To compare apples-to-apples this is what I used to see performance before and after optimization:

select st.sql_id, st.instance_number,
       st.EXECUTIONS_DELTA,
       st.BUFFER_GETS_DELTA /st.ROWS_PROCESSED_DELTA "logical IO per row",
       st.DISK_READS_DELTA  /st.ROWS_PROCESSED_DELTA "phisical IOs per row",
       st.IOWAIT_DELTA      /st.ROWS_PROCESSED_DELTA "time spent in IO (seconds/row)",
       st.ELAPSED_TIME_DELTA/st.ROWS_PROCESSED_DELTA "total time spent (seconds/row)"
from DBA_HIST_SQLSTAT st, dba_hist_snapshot s
 where
   st.sql_id='&sql_id1'
   and st.instance_number=s.instance_number
   and s.BEGIN_INTERVAL_TIME between '&1' and '&2'
   and s.snap_id=st.snap_id
 and st.ROWS_PROCESSED_DELTA!=0
order by s.snap_id desc, instance_number;

Here are numbers from busiest production system I implement this technique to (one 30 minutes interval with old and new SQL):

SQL_ID        EXECUTIONS_DELTA logical IO per row   phisical IOs per row    time spent in IO (ms/row)    total time spent (ms/row)
------------- ---------------- -------------------- ----------------------- ---------------------------- --------------------------
old_sql       26219            72                   8.11                    50.11                        57.1
new_sql       28936            71                   0.91                    5.900                        6.10

As you can see Logical I/O is not much better in optimised query, as “step 3” contribute the most into logical I/O, and we did not optimise anything in step 3.
But physical I/O and total DB time improved almost 10 times.

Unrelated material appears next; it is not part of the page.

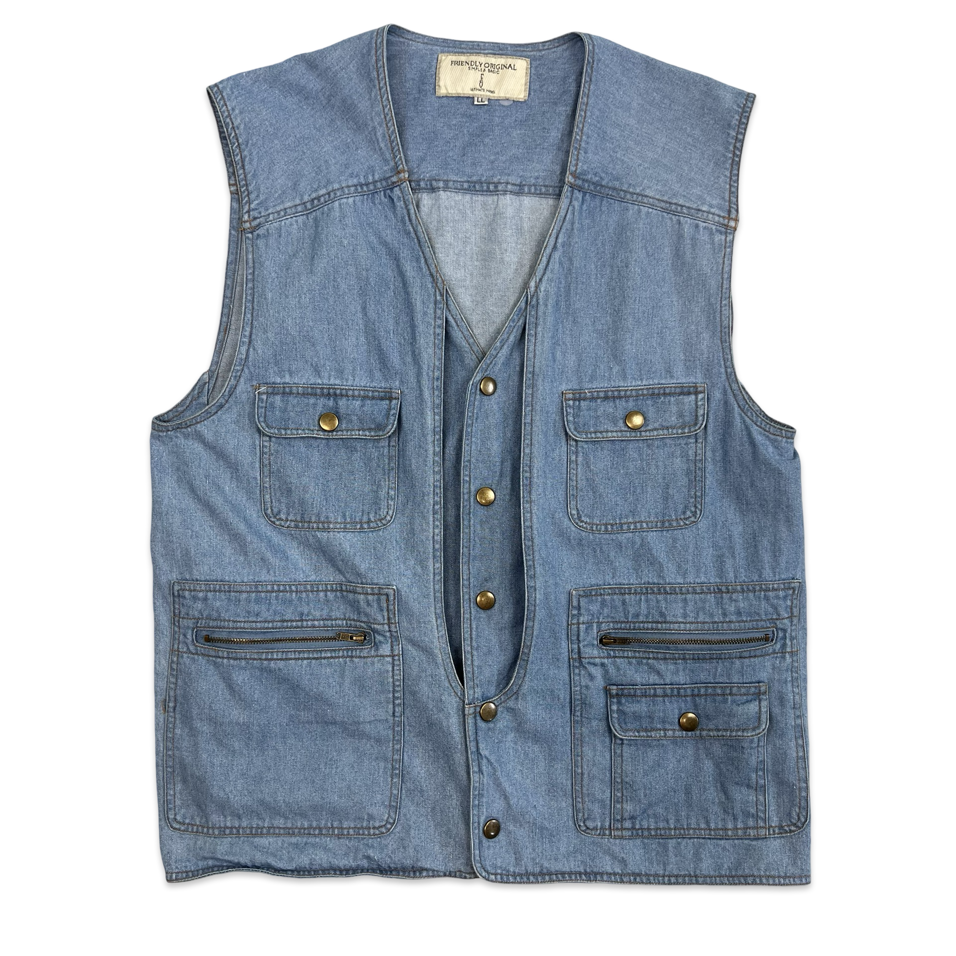 Vintage 90s blue denim waistcoat gilet with multiple utility pockets.

The argument what would cross everything said above over – it would be same effect if we rebuild FEEDBACK table and improve FDB_CUST_SERV_PROVR_SCR clustering factor.

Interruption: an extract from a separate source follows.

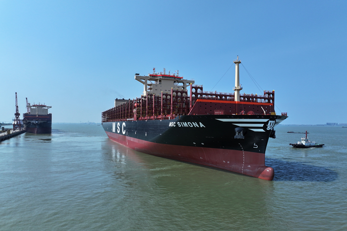 8月31日下午,我集團(tuán)揚(yáng)子鑫福造船為SEASPAN、MSC船東建造的第九艘16000TEU集裝箱船——“MSC SIMONA”輪交付離廠,上線MSC船隊(duì)運(yùn)營(yíng)。
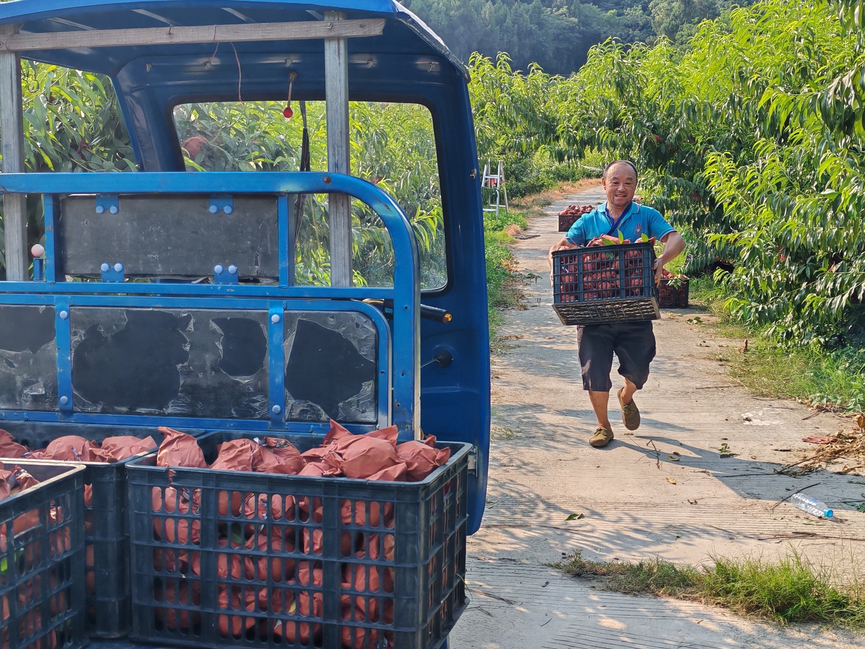 8月3日清晨,当第一缕阳光洒在乐至县龙门镇茜麒家庭农场的果园,一辆满载着金黄色黄桃的小货车从农场缓缓驶出。果农刘用素站在田埂上,目送着小货车渐行渐远,眼角的皱纹里盛满了笑意。这已经是她多次为在广州、深圳打拼的儿女寄去家乡的甜蜜了。

Yes true, but couple things

  1. Rebuilding on regular basis table what is TBs in size will be a interesting challenge if availability is important.
  2. What if there is a need to access FEEDBACK table by different index/dimension? For example:
select * from customer c, feedback f
where f.service_provider_id=:1
and f.customer_id=c.customer_id
and c.status='ACTIVE';

Adjusting FEEDBACK table to
FDB_CUST_SERV_PROVR_SCR(customer_id,service_provider_id)
index clustering would mess-up clustering on
FDB_SERV_PROVR_CUST_SCR(service_provider_id,customer_id) index.
And its only 2 dimensions in this example, it could be more.
Same time, this optimization would work regardless of clustering factor on any of them, as long as WHERE clause on table on the right is selective (“status=’ACTIVE’” in this example).

For cases where this optimization is applicable, it can also resolve data archival problem. – If data archival is needed for performance purposes, and not to safe on storage, this will make it. The query performance will be unchanged whether FEEDBACK table be 1TB or 100TB.
Simple making status=’INACTIVE’ on CUSTOMER and SERVICE_PROVIDER would be an archival.
No big data movement required.

I used for example here “CUSTOMER – FEEDBACK – SERVICE_PROVIDER” but idea of “intersection” table exists in almost any business model:

“PRODUCT – COMPATIBILITY – PRODUCT”
“MALE – MATCH – FEMALE”
“STUDENT – EXAM – EXAMINER”
“MERCHANT – TRANSACTION – BANK”

and so on.

In this example query is simplified to the limit, but does not mean it has to be that primitive.
To generalize, – this approach would work when:
There is query what join at least 2 tables. The table what is entry point (first step) for the query is very large and has index on at least 2 columns: fist column – entry condition on the query, second column – column what is foreign key (no constraint required) on second table in the query. And this query has where predicate on second table what is very selective. Second table is not too large. Query execution frequency is high.